Ideally you'd be able to find a somewhat trustworthy adult like a relative that could take you in, but that's not something a child can easily assess.

Additionally, parents have many non-violent ways of hurting their children if they escalate. Domestic violence charges that will stick to their background checks for years while they're looking for their first job, identity theft to ruin their credit, psych ward commitment...

Even the author concedes that their strategy is only viable if the parents are paper tigers, and TBH I feel like their conception of parents who aren't paper tigers is abstract at best.

What do you do with a parent who is no stranger to breaking their own windows? Or, to get personal, what do you do with a parent who would burn their own house down (It was a shoddily executed attempt at insurance fraud in which we lost far more than the insurance paid us.) and then have the kid drugged for being sad about it (Mom doctor shopped until she found someone willing to diagnose me with OCD.)?

Somehow this escaped me but still, why would a 'paper tiger' hit a kid? Probably because the kid did something wrong. Is it worth jeopardizing the only relationship you have with adults who have your best interests in mind over some moderate violence? Even if there is no significant escalation, parents can always simply give up on the child.

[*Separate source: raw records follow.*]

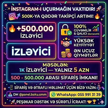- Instagram izləyici artımı: 1K izləyici — 5 AZN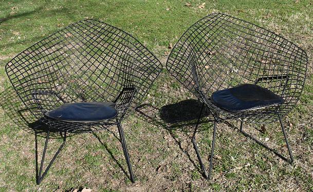 PAIR HARRY BERTOIA WIREWORK DIAMOND CHAIRS, C. 1960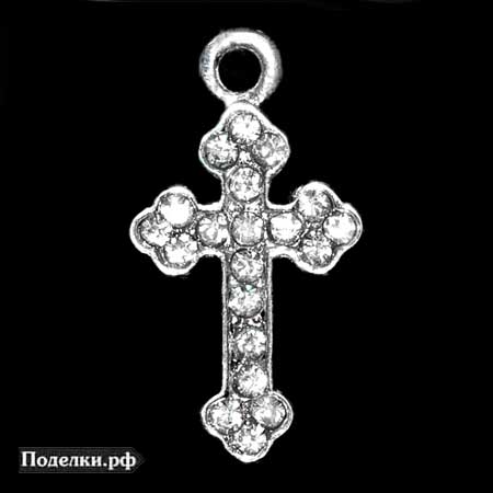 Подвеска Крестик 0007150 серебряный цвет с прозрачными стразами 23x12 мм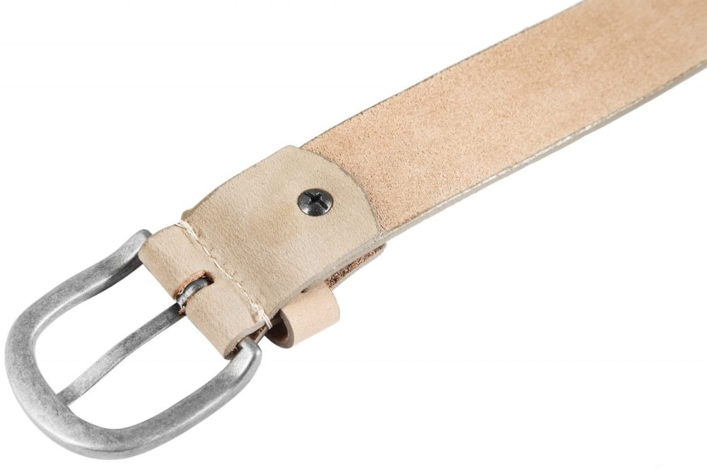 Tem 3,4 cm de largura e 0,4 mm de espessura. O cinto tem uma fivela de metal prateada costurada à mão.
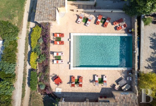 Ce qui rend la propriété singulière tient d’abord à son ancienneté : une ferme provençale du 18e siècle, déjà portée sur le plan napoléonien du début du 19e, avec ses deux ailes déployées comme pour embrasser la cour. Mais sa véritable étrangeté naît du rocher contre lequel elle s’adosse, et qui la traverse de part en part. Jadis réservé aux bêtes, aux granges et à la fraîcheur de la cave, il demeure la colonne vertébrale minérale de la maison. L’habitat s’est construit à son flanc, en pierre locale, à la chaux, dans une fidélité aux matières simples. Au sol, la pierre de Beaulieu ; aux murs, parfois, la calade de galets dressés. Ici, tout procède de la terre même, et la demeure semble née du paysage plus que bâtie par la main des hommes.
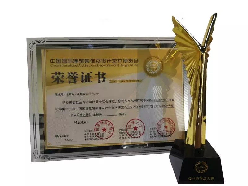 杭州留下街道巾帼西丽老年服务中心项目,在2018年第十三届中国国际建筑装饰及设计艺术博览会的国际环艺创新设计作品大赛中,荣膺养老公寓方案类金钻奖。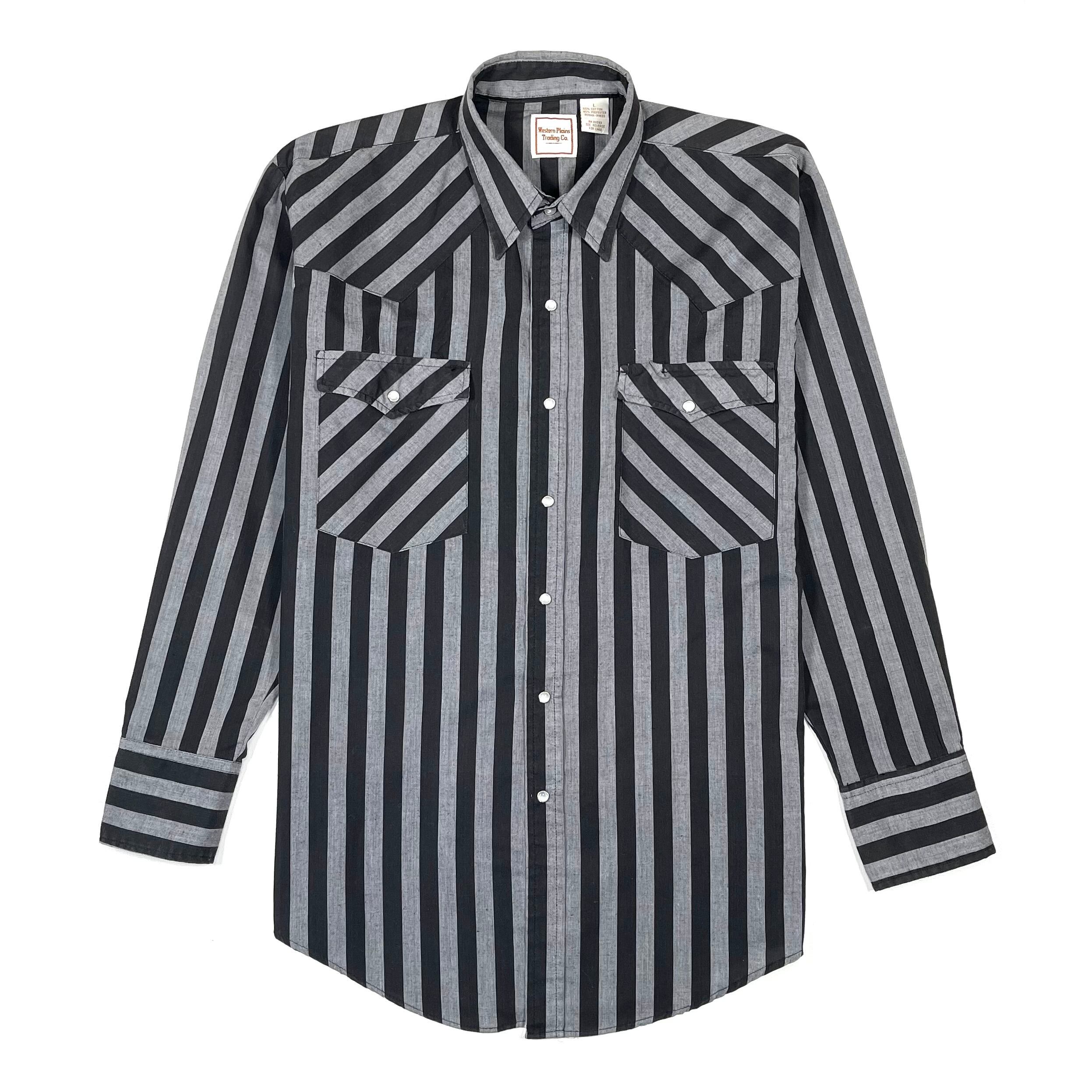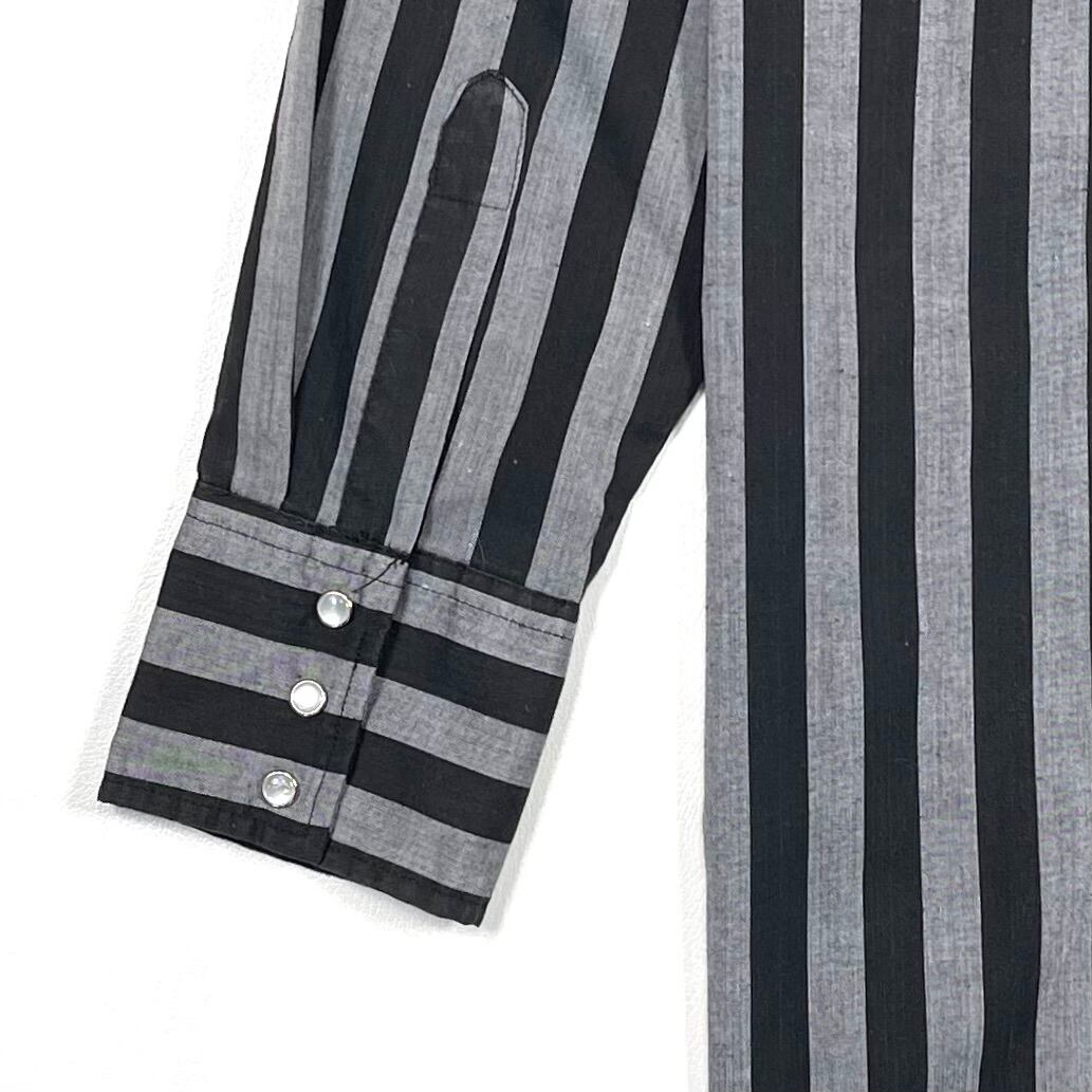 モノトーンの幅広のストライプがモダンなウエスタンシャツ。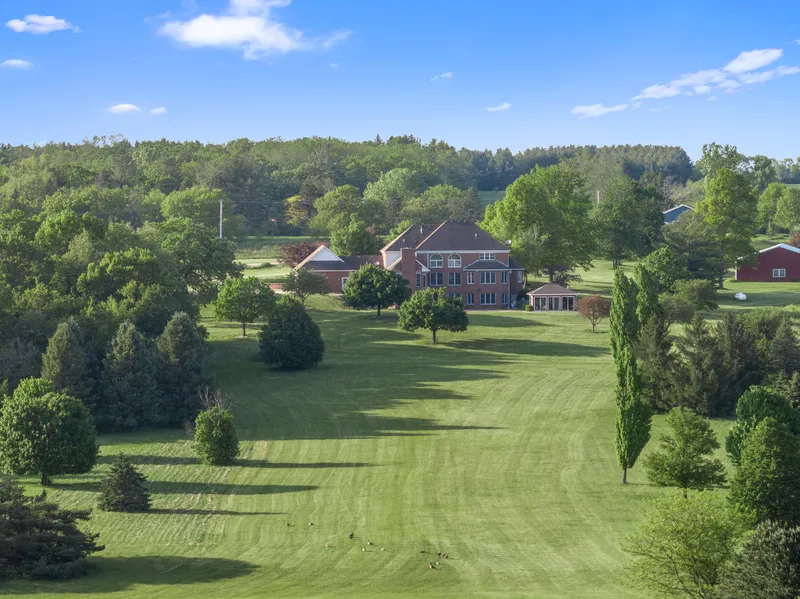 Incredible opportunity to own one of the few remaining large estates with 155 acres. Perfect for the avid hunter or create a family compound. The beautiful property is mixed with hills, woods, stream, trails, and a 20' deep stocked pond. The expansive 6,800 square-foot home is set on a hilltop and offers five spacious bedrooms, four-and-a-half bathrooms, and a completely remodeled walk-out lower level equipped with a handsome kitchen, fireplace, and luxurious full bath. Splash in the pool, dine in the four-season pool house, or roam the trails on your ATV. Ample storage for your recreational toys or treasured car collection in the 50x75 pole barn or the detached heated four-car garage that includes a full bathroom and loft. A rare offering seamlessly blending country with luxury only one hour from Chicago.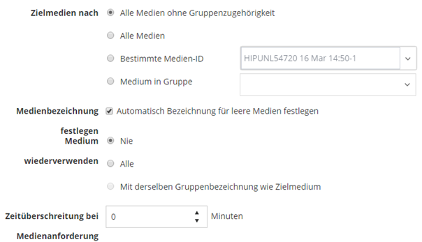 Der Standardwert beträgt Null (0). Bei der Standardeinstellung wartet der Datenkopierjob unendlich lang darauf, dass das Medium bereitgestellt oder der Job manuell abgebrochen wird.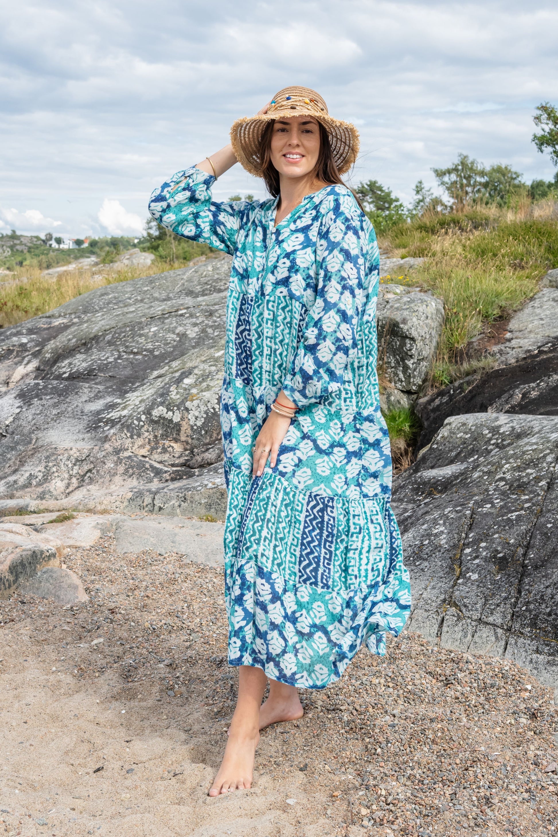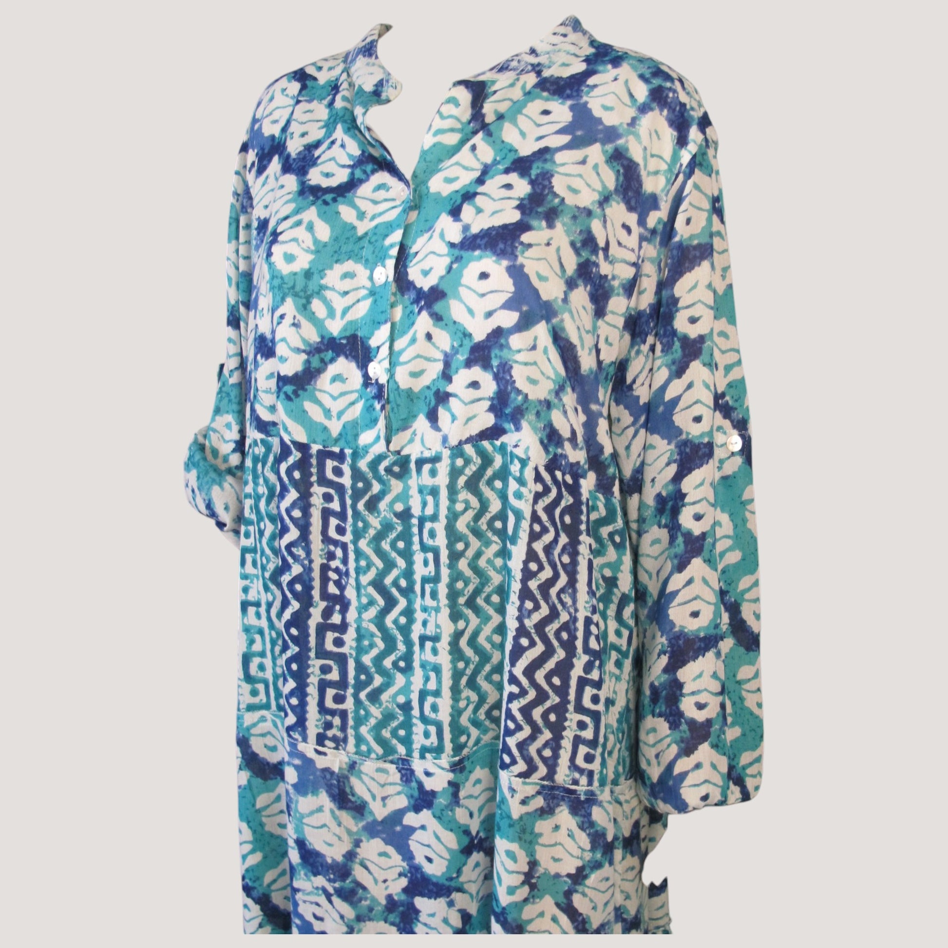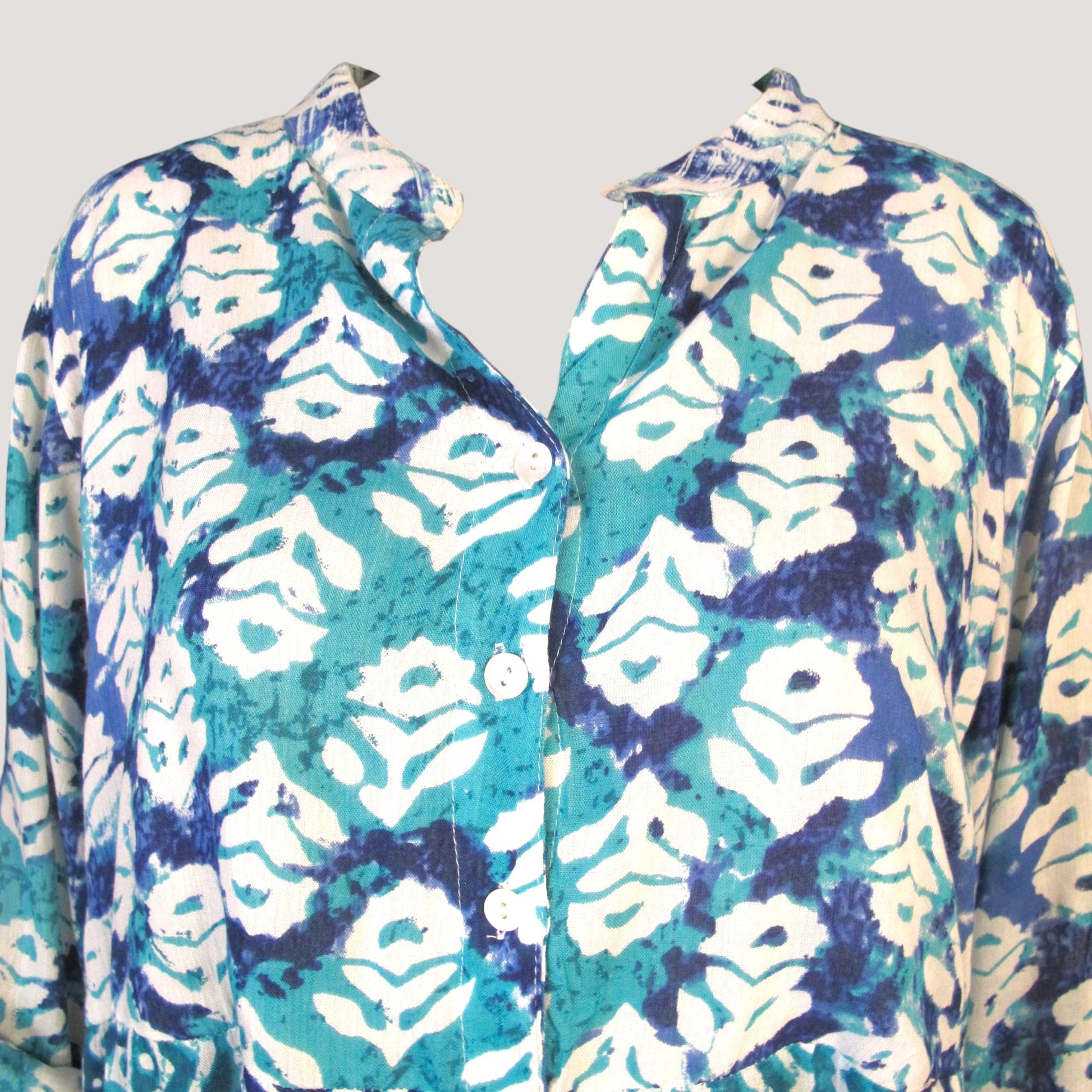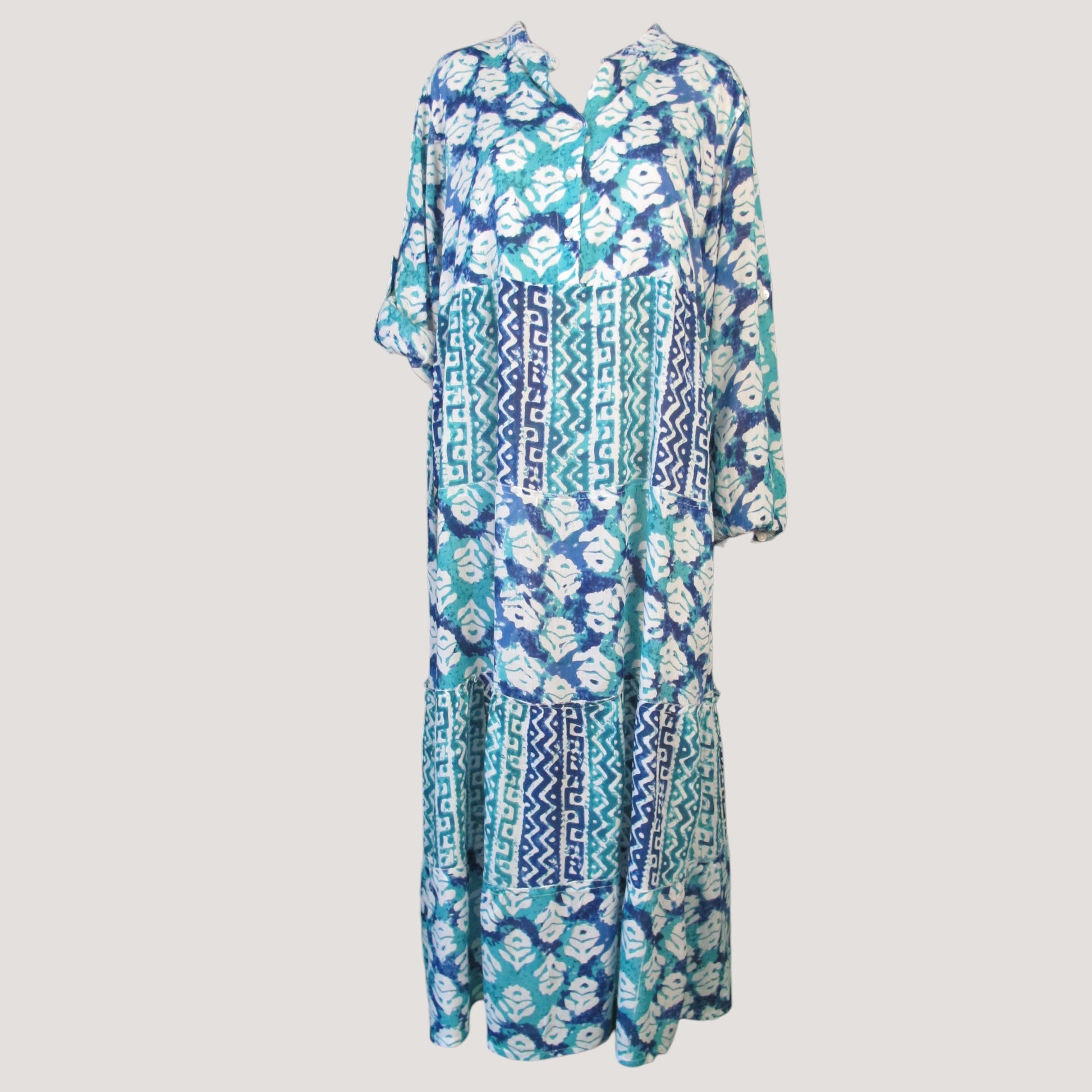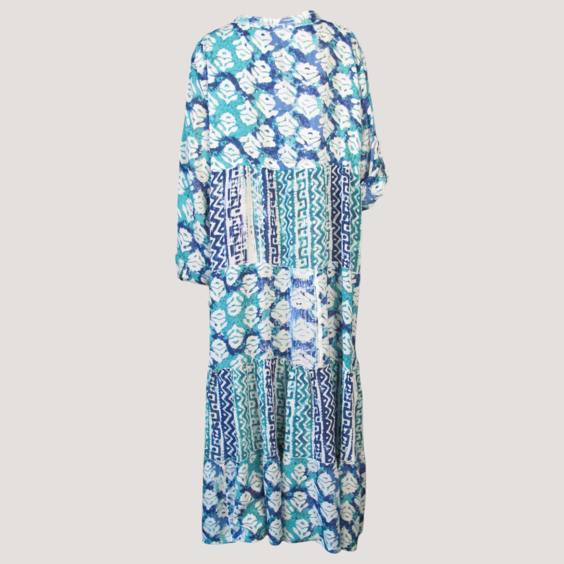 Mönstrad viskos klänning med knappar upptill och en fin krage. Hälla på armen med knapp för uppvikning.

'Oh yes I never dissuaded you from getting into 100k in debt for an art degree because you'd break a window over it, remember?'

'Why did I not discourage you from dating this clearly abusive person? What was I supposed to do, hit you?'

'You got yourself disfigured and sterilized and we did nothing to stop you? Well we thought you were all grown-up all along'

Additionally, parents have many non-violent ways of hurting their children non-violently if they escalate. Domestic violence charges that will stick to their background checks for years while they're looking for their first job, identity theft to ruin their credit, psych ward commitment...

One of the silly and dangerous things about the exchange in Aella's post is that it doesn't distinguish between parental motivations. I suspect, though I can't know, that the parents of authors one and two are disciplining, whether wisely or unwisely, out of love, so those kids really don't have to worry about their parents trying to hurt them this way out of revenge. But kids from worse families who tried their advice could be burned pretty badly.